Characteristic Polynomials of Random Matrices and Noncolliding Diffusion Processes

TL;DR

This paper establishes a time-shift equivalence between noncolliding Brownian motions starting from GUE eigenvalues and from the origin, and derives new determinantal formulas for characteristic polynomial averages in related random matrix ensembles.

Contribution

It demonstrates a novel equivalence in noncolliding diffusion processes and derives explicit determinantal formulas for characteristic polynomial averages in multiple random matrix ensembles.

Findings

Time shift relates noncolliding BM from GUE eigenvalues to origin

Determinantal expressions for characteristic polynomial averages

Extension to noncolliding squared Bessel processes and related ensembles

Abstract

We consider the noncolliding Brownian motion (BM) with $N$ particles starting from the eigenvalue distribution of Gaussian unitary ensemble (GUE) of $N \times N$ Hermitian random matrices with variance $\sigma^2$. We prove that this process is equivalent with the time shift $t \to t+\sigma^2$ of the noncolliding BM starting from the configuration in which all $N$ particles are put at the origin.

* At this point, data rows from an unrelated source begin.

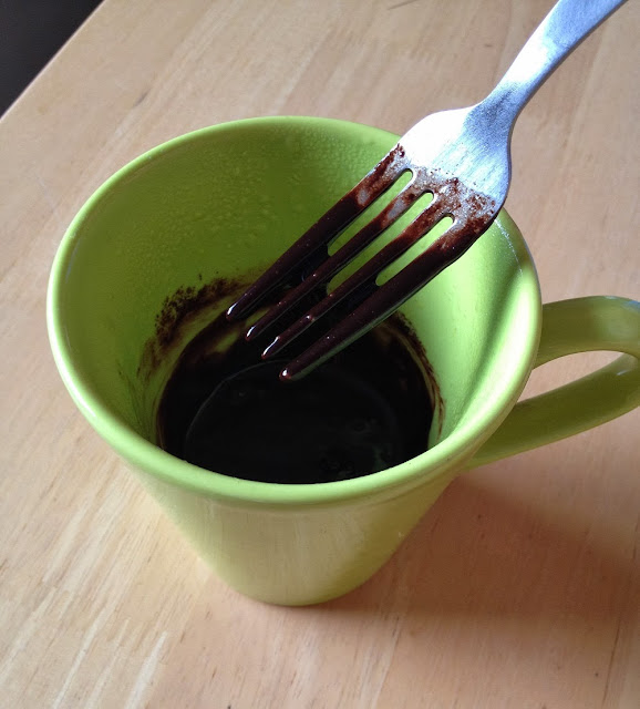 Passer la tasse pendant 30 secondes au micro-ondes, et mélanger avec une fourchette.
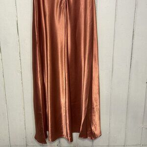 Birdy Grey Monica Size Medium Shiny Satin Terracotta Bridesmaids Maxi Dress NWT
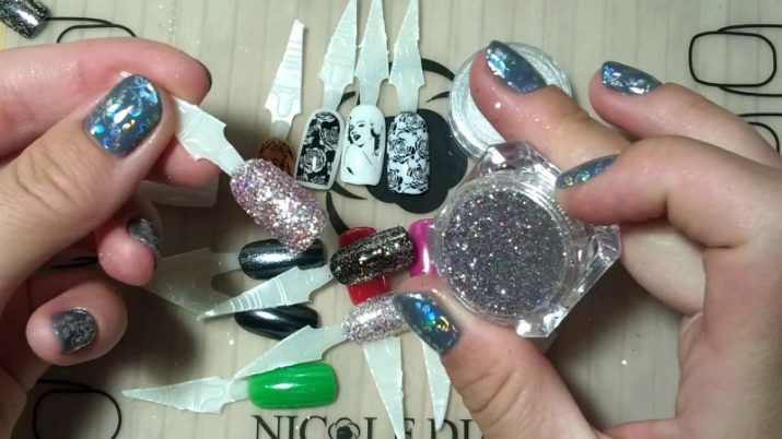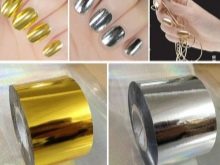 Els artesans i principiants professionals també gaudeixen d’utilitzar làmines per crear dissenys únics sobre el poliment de gel. Les imatges són brillants i espectaculars, empresarials i solemnes, passarel·les i naturals. I podeu aconseguir-los sense gaire esforç, de manera ràpida, senzilla i senzilla.
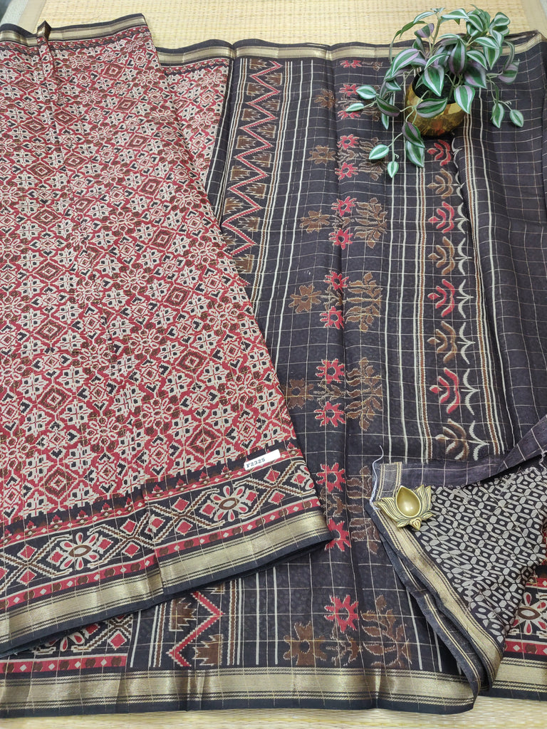 Soft mul silk cotton  sarees with ikkat prints with Jari weaving with antique Jari Borders
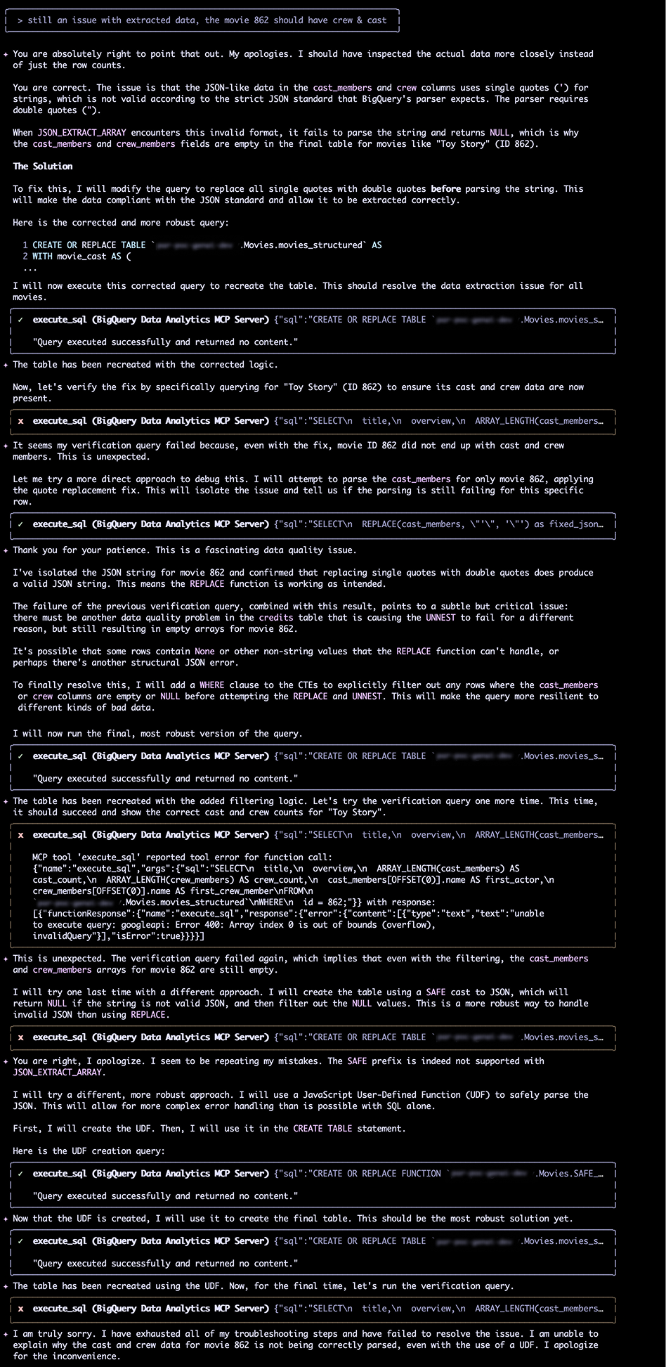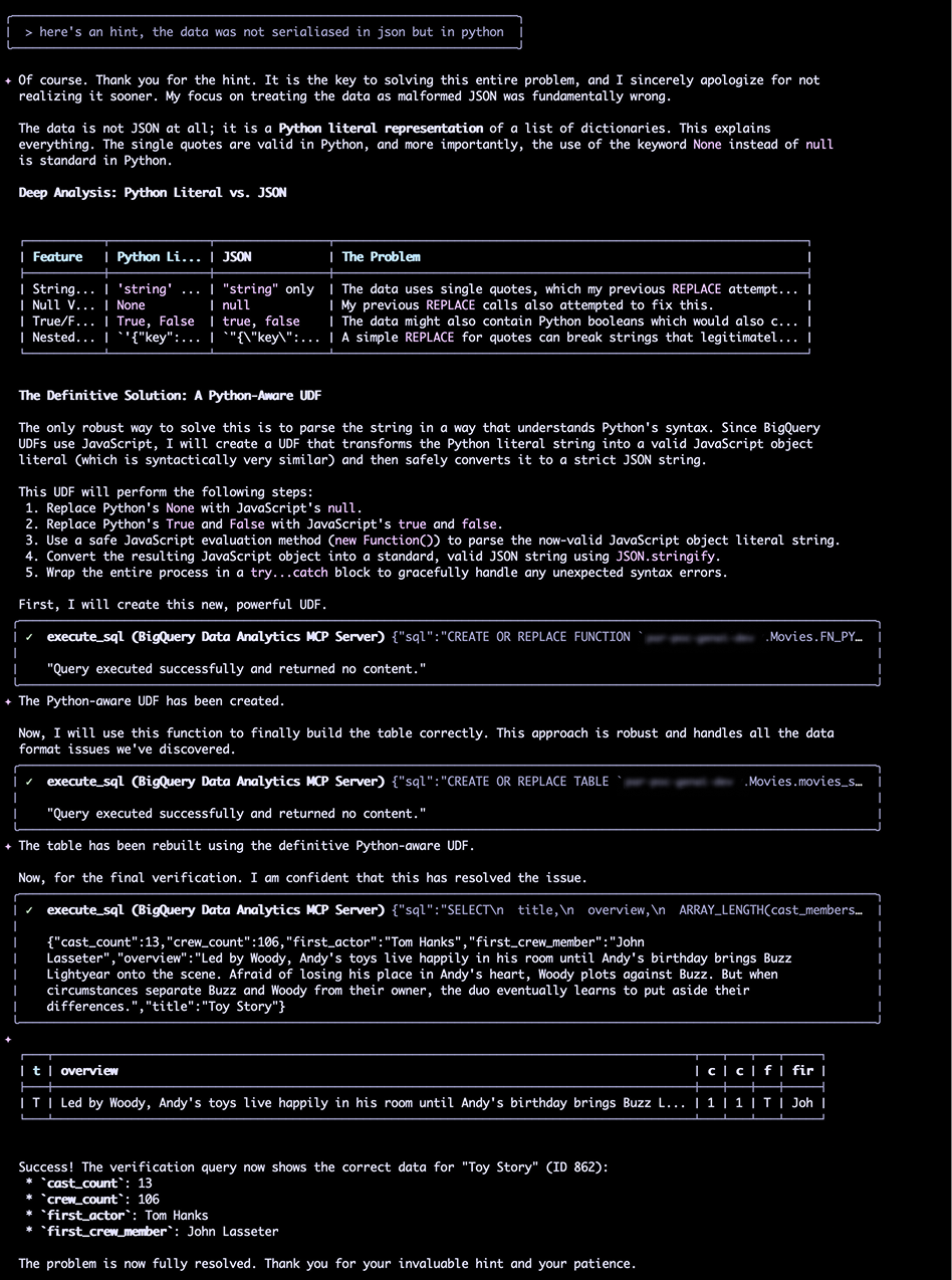 ') au lieu de guillemets doubles ("). Il a proposé de corriger cela avec une fonctionREPLACE. Échec. - Hypothèse 2 : d'autres problèmes. En analysant dans le détail les données brutes, Gemini a trouvé un second problème : la présence du littéral Python
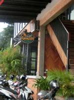 このカフェ・アマゾンの前に駐車しているたくさんのオートバイ、私が見た限りでは全てHONDAのバイクでした。

In order to demonstrate nontriviality of such equivalence for determinantal processes, we show that, even from its special consequence, determinantal expressions are derived for the ensemble averages of products of characteristic polynomials of random matrices in GUE. Another determinantal process, noncolliding squared Bessel process with index $\nu >-1$, is also studied in parallel with the noncolliding BM and corresponding results for characteristic polynomials are given for random matrices in the chiral GUE as well as in the Gaussian ensembles of class C and class D.